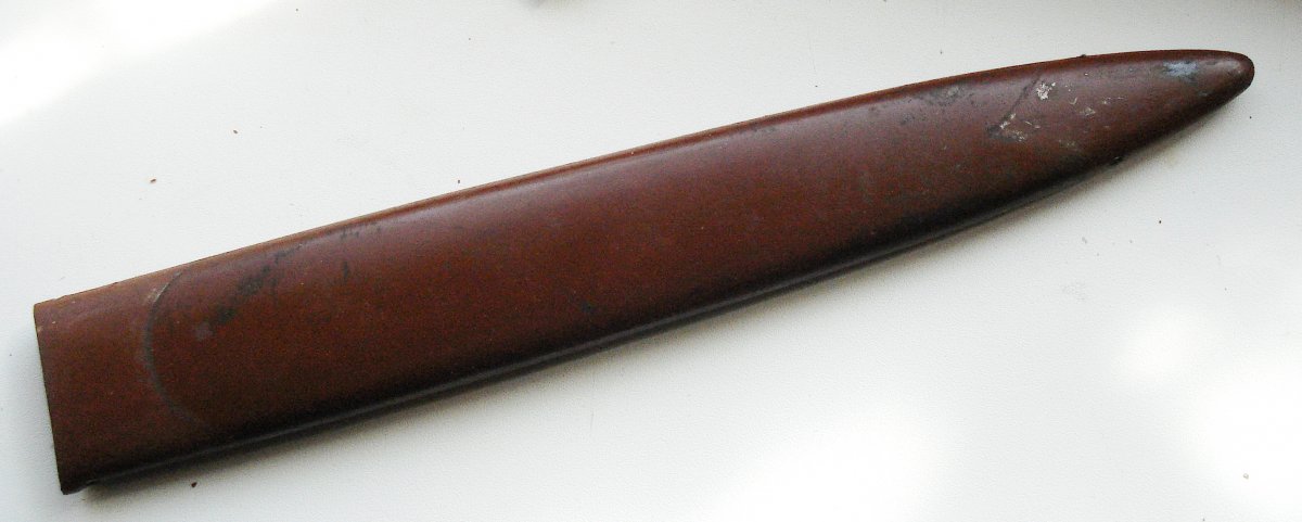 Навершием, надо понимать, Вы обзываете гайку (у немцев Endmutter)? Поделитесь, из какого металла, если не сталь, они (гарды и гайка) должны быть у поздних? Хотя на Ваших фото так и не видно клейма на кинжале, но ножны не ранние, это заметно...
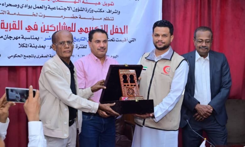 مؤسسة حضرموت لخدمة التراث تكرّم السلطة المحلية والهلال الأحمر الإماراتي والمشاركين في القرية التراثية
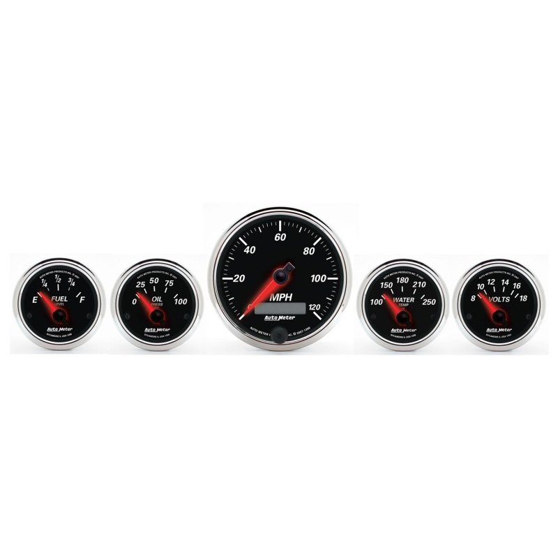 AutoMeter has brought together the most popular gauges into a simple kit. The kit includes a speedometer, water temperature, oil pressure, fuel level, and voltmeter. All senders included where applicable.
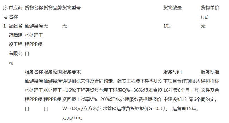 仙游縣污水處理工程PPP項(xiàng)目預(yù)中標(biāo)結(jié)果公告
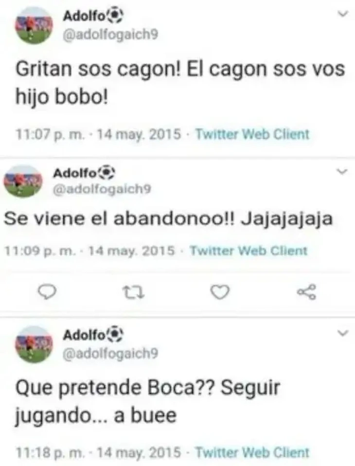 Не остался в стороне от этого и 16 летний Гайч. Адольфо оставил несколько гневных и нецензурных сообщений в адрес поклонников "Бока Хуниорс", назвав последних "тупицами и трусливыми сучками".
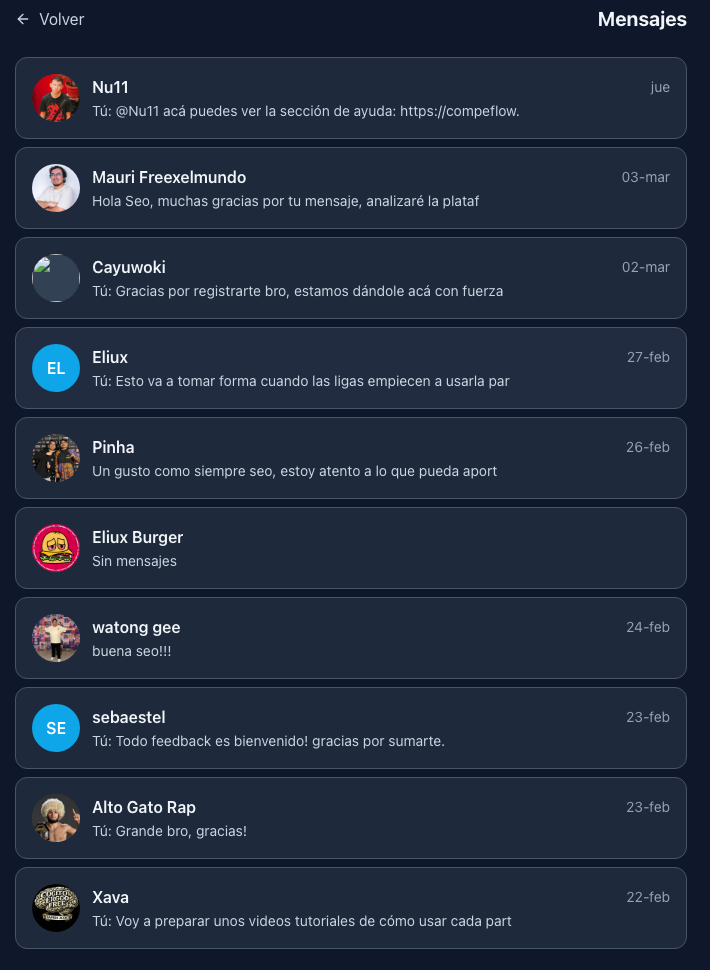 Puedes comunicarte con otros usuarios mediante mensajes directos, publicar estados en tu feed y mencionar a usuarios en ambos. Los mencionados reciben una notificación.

--

A word-for-word copy of the material is required; pictures stay out of it.

 Навершием, надо понимать, Вы обзываете гайку (у немцев Endmutter)? Поделитесь, из какого металла, если не сталь, они (гарды и гайка) должны быть у поздних? Хотя на Ваших фото так и не видно клейма на кинжале, но ножны не ранние, это заметно...
 مؤسسة حضرموت لخدمة التراث تكرّم السلطة المحلية والهلال الأحمر الإماراتي والمشاركين في القرية التراثية
 AutoMeter has brought together the most popular gauges into a simple kit. The kit includes a speedometer, water temperature, oil pressure, fuel level, and voltmeter. All senders included where applicable.
 仙游縣污水處理工程PPP項(xiàng)目預(yù)中標(biāo)結(jié)果公告
 Не остался в стороне от этого и 16 летний Гайч. Адольфо оставил несколько гневных и нецензурных сообщений в адрес поклонников "Бока Хуниорс", назвав последних "тупицами и трусливыми сучками".
 Puedes comunicarte con otros usuarios mediante mensajes directos, publicar estados en tu feed y mencionar a usuarios en ambos. Los mencionados reciben una notificación.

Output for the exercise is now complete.